Cities are our future, much more than countries are. More than 50% of the world’s population is already urbanised, with an estimated 1.5 million people being added to the global urban population every week. Most of this urban population growth is taking place across Africa and Asia, which places extensive demands on infrastructure, the provision of services, job creation and economic opportunities, climate change and environmental pollution.
There are also opportunities in cities by creating economies of scale, efficiency gains and the potential for being nodes for significant economic growth and development, the sharing of resources and being points of greater connectivity.
Local government is the point of meaningful contact between government and communities; and is where democracy is most keenly experienced - or missed! As populations in cities grow ever larger, greater innovation and effort is required to keep that meaningful interface real and tangible between city government and citizens. Numerous good practice examples exist – from being able to contact the mayor or councillor through smart phone applications or IT, to community budgeting initiatives, advisory Ward committees, multi-stakeholder integrated development plans, community forums and mayors ‘listening’ campaigns.
Some years ago CLGF developed the Aberdeen Agenda, a set of principles on good practice for local democracy and good governance, which was endorsed by the Commonwealth Heads of Government.
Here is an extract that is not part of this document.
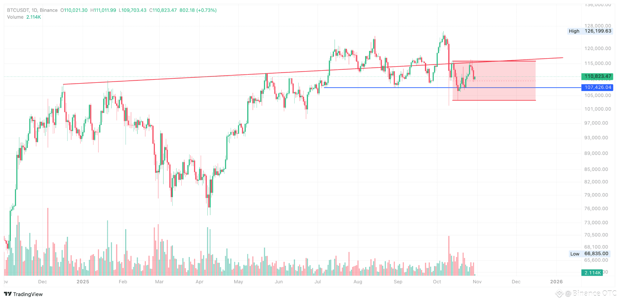 So far, BTC has fluctuated within a broad range of approximately $103,500 to $116,000. U.S.-China trade tensions have since eased with positive developments from both sides. U.S. Treasury Secretary Scott Bessent confirmed that trade negotiations between the two nations are progressing well, with some agreements already reached. President Trump met with Chinese leader Xi Jinping in Busan, South Korea, on October 30, 2025. Markets remain optimistic about this summit, anticipating it could lead to further de-escalation in the trade war between the world's two largest economies by GDP.

CLGF has also established a Commonwealth Sustainable Cities Network. Finding best practice examples on implementing these principles in large city contexts, and sharing these across Commonwealth cities, remains one of our key tasks.
There are two different visual representations of rapid urbanisation. One is of a densely populated voiceless people living in a peri-urban slum with limited economic opportunities and grinding poverty. The other is of a community, socially and economically integrated across the city, with inward investment and job creation, and where citizens have a meaningful engagement on decisions which affect their daily lives. On World Cities Day 2017, let us commit to making the second option a reality.